■ Records from a dataset

*-*-*

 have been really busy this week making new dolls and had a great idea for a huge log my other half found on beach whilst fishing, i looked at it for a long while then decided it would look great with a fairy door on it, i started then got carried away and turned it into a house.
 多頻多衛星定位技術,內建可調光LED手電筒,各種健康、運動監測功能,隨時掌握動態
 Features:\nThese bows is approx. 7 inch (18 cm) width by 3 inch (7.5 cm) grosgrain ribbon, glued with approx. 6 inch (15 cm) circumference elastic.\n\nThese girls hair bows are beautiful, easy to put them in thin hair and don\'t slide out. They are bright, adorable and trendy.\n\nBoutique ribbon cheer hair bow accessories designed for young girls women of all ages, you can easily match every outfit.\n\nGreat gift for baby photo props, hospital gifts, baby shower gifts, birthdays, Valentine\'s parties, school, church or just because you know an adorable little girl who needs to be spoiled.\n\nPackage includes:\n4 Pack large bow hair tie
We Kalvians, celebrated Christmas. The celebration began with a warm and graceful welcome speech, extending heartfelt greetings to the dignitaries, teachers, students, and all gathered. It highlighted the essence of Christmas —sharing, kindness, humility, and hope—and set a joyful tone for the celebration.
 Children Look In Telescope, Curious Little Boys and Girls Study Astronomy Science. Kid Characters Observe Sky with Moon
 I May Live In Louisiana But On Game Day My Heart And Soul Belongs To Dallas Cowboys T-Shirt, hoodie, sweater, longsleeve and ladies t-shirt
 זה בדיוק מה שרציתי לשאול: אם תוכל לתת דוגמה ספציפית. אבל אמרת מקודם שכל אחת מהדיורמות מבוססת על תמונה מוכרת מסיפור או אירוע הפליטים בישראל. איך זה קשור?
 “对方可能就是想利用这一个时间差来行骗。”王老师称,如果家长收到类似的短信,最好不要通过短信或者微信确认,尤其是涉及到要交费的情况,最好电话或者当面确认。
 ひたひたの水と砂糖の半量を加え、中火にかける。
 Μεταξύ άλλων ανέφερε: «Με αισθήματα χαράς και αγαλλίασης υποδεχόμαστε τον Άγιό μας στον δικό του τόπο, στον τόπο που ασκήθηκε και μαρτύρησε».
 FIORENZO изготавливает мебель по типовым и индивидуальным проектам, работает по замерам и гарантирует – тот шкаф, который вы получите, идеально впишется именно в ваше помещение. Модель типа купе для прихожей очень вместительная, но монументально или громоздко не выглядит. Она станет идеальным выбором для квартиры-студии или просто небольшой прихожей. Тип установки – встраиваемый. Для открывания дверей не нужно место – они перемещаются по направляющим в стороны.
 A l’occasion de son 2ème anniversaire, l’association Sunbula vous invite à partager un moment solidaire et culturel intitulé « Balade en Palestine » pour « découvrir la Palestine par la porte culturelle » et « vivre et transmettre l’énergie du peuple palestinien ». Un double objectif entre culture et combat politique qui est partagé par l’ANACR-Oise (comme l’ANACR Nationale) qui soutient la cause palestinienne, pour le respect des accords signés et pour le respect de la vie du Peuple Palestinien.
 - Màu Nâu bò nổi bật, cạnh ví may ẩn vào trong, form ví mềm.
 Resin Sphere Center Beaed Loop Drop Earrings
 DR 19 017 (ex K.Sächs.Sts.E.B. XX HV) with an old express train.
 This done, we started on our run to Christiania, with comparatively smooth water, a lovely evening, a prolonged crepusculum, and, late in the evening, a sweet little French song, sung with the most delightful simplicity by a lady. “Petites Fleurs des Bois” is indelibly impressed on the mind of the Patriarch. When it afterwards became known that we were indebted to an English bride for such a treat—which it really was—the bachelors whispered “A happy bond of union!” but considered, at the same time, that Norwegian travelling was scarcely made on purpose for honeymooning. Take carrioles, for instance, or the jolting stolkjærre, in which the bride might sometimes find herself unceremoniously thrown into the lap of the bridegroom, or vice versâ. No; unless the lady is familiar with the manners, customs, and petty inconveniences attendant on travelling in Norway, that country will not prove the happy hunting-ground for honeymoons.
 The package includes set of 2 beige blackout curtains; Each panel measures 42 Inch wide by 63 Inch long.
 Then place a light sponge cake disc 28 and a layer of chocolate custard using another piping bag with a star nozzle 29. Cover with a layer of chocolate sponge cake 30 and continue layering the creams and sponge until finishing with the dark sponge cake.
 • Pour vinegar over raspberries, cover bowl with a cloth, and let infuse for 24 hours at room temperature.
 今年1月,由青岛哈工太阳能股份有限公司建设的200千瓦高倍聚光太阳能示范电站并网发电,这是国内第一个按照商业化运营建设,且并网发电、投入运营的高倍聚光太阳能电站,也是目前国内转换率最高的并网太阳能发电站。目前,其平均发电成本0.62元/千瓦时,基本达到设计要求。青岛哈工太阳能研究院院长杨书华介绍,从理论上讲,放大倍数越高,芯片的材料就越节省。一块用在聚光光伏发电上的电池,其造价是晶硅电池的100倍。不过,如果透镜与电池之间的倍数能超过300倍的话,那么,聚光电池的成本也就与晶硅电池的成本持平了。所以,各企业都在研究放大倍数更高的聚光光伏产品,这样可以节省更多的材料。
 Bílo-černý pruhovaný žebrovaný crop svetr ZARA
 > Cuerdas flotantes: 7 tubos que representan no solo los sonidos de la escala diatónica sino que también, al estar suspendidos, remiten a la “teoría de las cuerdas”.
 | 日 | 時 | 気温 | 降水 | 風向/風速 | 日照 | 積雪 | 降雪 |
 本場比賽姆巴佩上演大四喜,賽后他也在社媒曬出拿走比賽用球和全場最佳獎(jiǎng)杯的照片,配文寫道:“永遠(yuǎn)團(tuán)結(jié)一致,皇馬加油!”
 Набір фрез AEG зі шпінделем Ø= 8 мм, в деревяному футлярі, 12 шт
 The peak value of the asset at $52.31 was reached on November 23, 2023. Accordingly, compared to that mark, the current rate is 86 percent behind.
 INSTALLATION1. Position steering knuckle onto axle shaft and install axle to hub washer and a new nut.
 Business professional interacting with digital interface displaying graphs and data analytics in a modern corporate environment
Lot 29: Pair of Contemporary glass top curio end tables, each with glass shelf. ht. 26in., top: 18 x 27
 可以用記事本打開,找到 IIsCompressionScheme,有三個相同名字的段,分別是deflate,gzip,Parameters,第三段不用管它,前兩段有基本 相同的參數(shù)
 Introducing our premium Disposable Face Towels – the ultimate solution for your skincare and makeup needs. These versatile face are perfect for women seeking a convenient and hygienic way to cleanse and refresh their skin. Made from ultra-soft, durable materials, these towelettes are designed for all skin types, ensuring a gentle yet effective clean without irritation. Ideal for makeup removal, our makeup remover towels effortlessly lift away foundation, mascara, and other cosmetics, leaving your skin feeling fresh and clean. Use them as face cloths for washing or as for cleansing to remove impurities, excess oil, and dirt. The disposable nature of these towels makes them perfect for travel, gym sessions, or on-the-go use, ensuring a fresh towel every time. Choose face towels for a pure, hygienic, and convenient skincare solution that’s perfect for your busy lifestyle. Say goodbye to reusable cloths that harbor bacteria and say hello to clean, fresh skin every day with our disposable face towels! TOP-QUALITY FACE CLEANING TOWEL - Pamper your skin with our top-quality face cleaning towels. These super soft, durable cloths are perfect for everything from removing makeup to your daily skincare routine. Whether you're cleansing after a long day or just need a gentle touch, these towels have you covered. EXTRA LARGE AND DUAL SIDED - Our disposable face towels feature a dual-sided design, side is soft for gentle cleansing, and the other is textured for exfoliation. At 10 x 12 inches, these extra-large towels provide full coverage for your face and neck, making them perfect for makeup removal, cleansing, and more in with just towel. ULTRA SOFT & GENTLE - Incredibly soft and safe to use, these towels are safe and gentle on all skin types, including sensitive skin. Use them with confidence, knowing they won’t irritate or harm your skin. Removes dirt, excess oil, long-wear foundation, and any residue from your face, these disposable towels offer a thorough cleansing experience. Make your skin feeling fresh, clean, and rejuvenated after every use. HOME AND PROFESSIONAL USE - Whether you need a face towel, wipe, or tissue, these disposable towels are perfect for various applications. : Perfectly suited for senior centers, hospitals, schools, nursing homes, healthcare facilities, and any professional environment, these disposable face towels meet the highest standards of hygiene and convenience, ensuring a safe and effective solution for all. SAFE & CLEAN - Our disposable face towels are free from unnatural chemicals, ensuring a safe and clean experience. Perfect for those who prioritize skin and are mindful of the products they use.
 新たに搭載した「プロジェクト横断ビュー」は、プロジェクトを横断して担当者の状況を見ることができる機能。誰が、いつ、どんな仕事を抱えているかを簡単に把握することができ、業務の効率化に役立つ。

*-*-*

■ Exercise
This exercise requires the lines of the entries containing the string "into".

■ Answer space
 have been really busy this week making new dolls and had a great idea for a huge log my other half found on beach whilst fishing, i looked at it for a long while then decided it would look great with a fairy door on it, i started then got carried away and turned it into a house.
 This done, we started on our run to Christiania, with comparatively smooth water, a lovely evening, a prolonged crepusculum, and, late in the evening, a sweet little French song, sung with the most delightful simplicity by a lady. “Petites Fleurs des Bois” is indelibly impressed on the mind of the Patriarch. When it afterwards became known that we were indebted to an English bride for such a treat—which it really was—the bachelors whispered “A happy bond of union!” but considered, at the same time, that Norwegian travelling was scarcely made on purpose for honeymooning. Take carrioles, for instance, or the jolting stolkjærre, in which the bride might sometimes find herself unceremoniously thrown into the lap of the bridegroom, or vice versâ. No; unless the lady is familiar with the manners, customs, and petty inconveniences attendant on travelling in Norway, that country will not prove the happy hunting-ground for honeymoons.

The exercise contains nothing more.